Ensure that checkpointing is enabled:

prefect.context.to_dict()['config']['flows']['checkpointing']

True

Set Cache Location#

store = CacheStore(f'{tempfile.gettempdir()}/my-cache')
store

CacheStore(path='/tmp/my-cache', readonly=False, on_duplicate_key=<DuplicateKeyEnum.skip: 'skip'>, storage_options={})

Set Prefect Flow#

To enable persisting output of a task in xpersist’s cache store, we need to define a xpersist.XpersistResult object and pass it to the result argument of the task decorator.

@task(
    target="bar.zarr",
    result=XpersistResult(
        store, serializer="xarray.zarr", serializer_dump_kwargs={"mode": "w"}
    ),
)
def get_data():
    ds = xr.DataArray(range(10), dims="x", name="bar").to_dataset()
    time.sleep(5)
    return ds


@task
def total(ds):
    return ds.sum()


with Flow("my-flow") as flow:
    ds = get_data()
    total(ds)

flow.visualize()

../_images/a1818bb54851d3d504c3a477163dee66857aeb480f7ec1322e2ea24c1ed8b5a3.svg

Run the Flow#

Now we can run the flow. Notice that the flow runs for five seconds and the result for get_data() task is cached.

%%time
flow.run()

[2022-09-06 03:25:18+0000] INFO - prefect.FlowRunner | Beginning Flow run for 'my-flow'

[2022-09-06 03:25:18+0000] INFO - prefect.TaskRunner | Task 'get_data': Starting task run...
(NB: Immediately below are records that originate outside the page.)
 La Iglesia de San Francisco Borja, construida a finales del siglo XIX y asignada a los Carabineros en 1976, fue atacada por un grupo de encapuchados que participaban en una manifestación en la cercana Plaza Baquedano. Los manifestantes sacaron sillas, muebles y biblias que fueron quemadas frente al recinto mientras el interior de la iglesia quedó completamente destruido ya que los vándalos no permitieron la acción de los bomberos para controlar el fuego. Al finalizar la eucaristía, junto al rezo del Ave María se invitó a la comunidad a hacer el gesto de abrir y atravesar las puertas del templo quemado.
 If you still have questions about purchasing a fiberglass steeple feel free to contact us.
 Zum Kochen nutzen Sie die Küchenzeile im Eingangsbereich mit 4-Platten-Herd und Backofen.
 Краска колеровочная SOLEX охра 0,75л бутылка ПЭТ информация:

[2022-09-06 03:25:23+0000] INFO - prefect.TaskRunner | Task 'get_data': Finished task run for task with final state: 'Success'

[2022-09-06 03:25:23+0000] INFO - prefect.TaskRunner | Task 'total': Starting task run...
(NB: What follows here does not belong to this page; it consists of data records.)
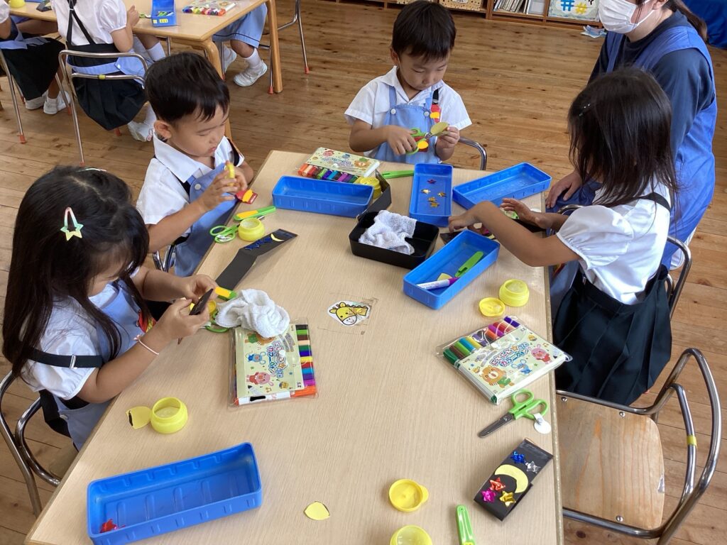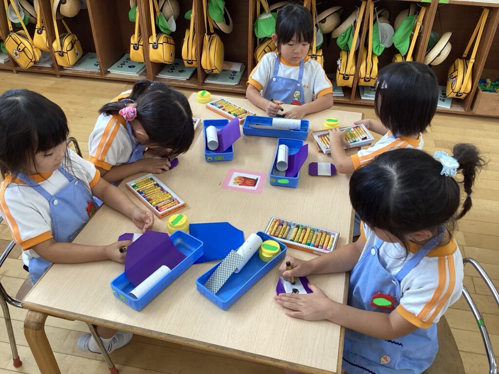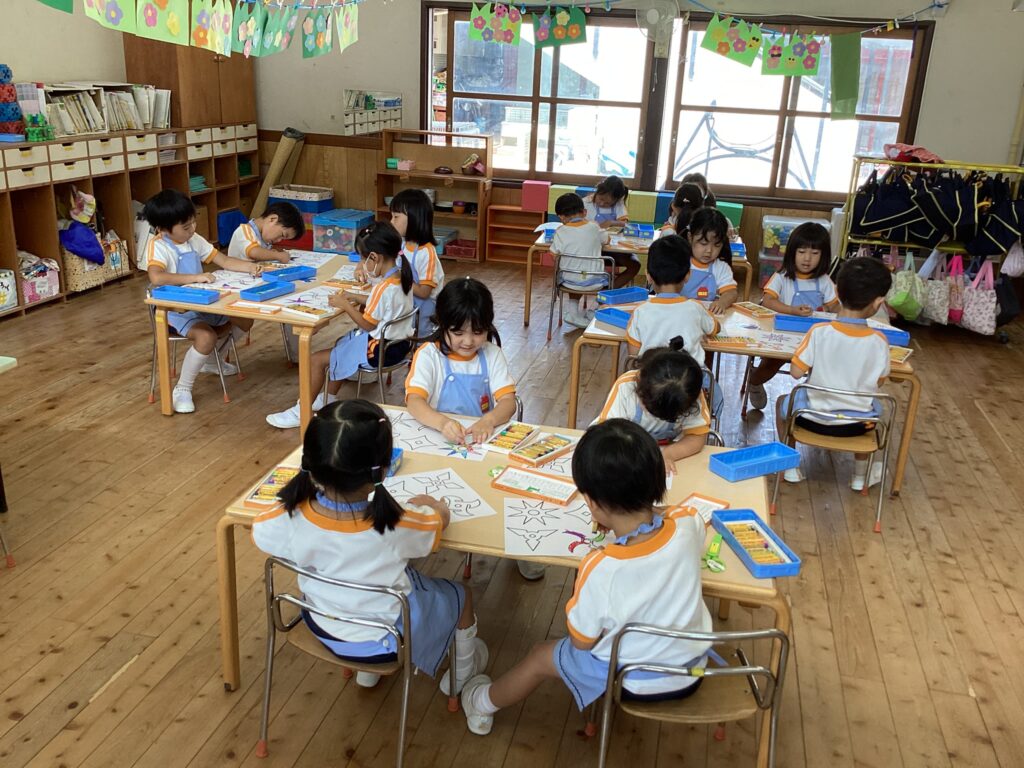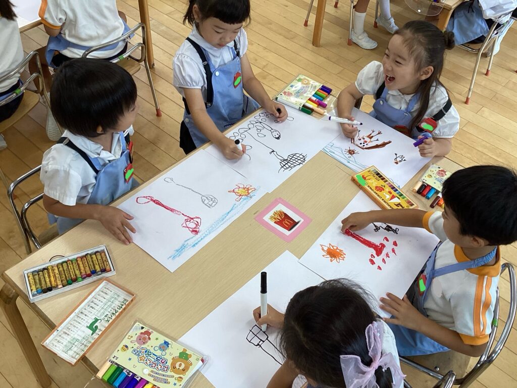 夏のカレンダーは、発表した後みんなで見せ合いっこをしました♪ お友達がどんな夏休みを過ごしたのか、、興味津々です。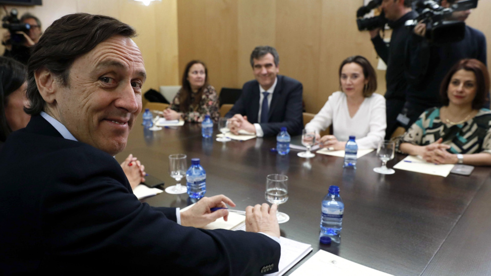 El portavoz del PP en la Cámara Baja, Rafael Hernando, ha explicado esta iniciativa tras reunirse con la alcaldesa de Logroño y vicepresidenta de la Federación Española de Municipios y Provincias (FEMP), la popular Cuca Gamarra; el alcalde de Guadalajara y responsable de política local de la FEMP, Antonio Roldán; la alcaldesa de Teruel, Enma Buj; y el presidente de la Diputación de Segovia, Francisco Vázquez.
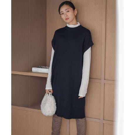 ベストとしてもワンピースとしても着られる、きれいめニットチュニック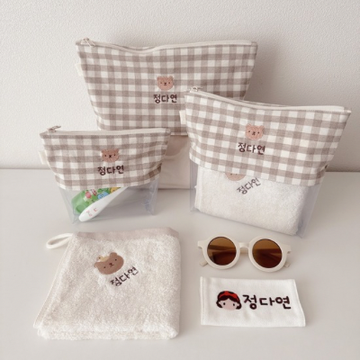 - [국내] 투명 베이지체크 방수파우치

[2022-09-06 03:25:23+0000] INFO - prefect.TaskRunner | Task 'total': Finished task run for task with final state: 'Success'

[2022-09-06 03:25:23+0000] INFO - prefect.FlowRunner | Flow run SUCCESS: all reference tasks succeeded

CPU times: user 33.9 ms, sys: 3.67 ms, total: 37.6 ms
Wall time: 5.04 s

<Success: "All reference tasks succeeded.">

Let’s retrieve the artifact metadata to confirm that the result was properly cached:

import pprint
artifact = store.get_artifact("bar.zarr")
pprint.pprint(artifact.dict())

{'additional_metadata': {'flow_id': 'my-flow',
                         'flow_name': 'my-flow',
                         'flow_run_id': '6b7b1580-aa10-4356-a91e-4fecf731b94a',
                         'flow_run_name': '96774666-e131-4f90-bc46-a7e2d7917853',
                         'flow_run_version': '',
                         'map_index': None,
                         'task_full_name': 'get_data',
                         'task_id': 'get_data-1',
                         'task_name': 'get_data',
                         'task_run_id': '7c53bedf-8f0b-486f-b623-6e6de9c43bcf',
                         'task_run_name': '',
                         'task_run_version': '',
                         'task_slug': 'get_data-1',
                         'task_tags': [],
                         'today': '2022-09-06',
                         'tomorrow': '2022-09-07',
                         'yesterday': '2022-09-05'},
 'created_at': datetime.datetime(2022, 9, 6, 3, 25, 23, 631148),
 'dump_kwargs': {'mode': 'w'},
 'key': 'bar.zarr',
 'load_kwargs': {},
 'serializer': 'xarray.zarr'}

Running the flow again will retrieve the result from the cache instead of running the task again:

%%time
flow.run()

[2022-09-06 03:25:23+0000] INFO - prefect.FlowRunner | Beginning Flow run for 'my-flow'

[2022-09-06 03:25:23+0000] INFO - prefect.TaskRunner | Task 'get_data': Starting task run...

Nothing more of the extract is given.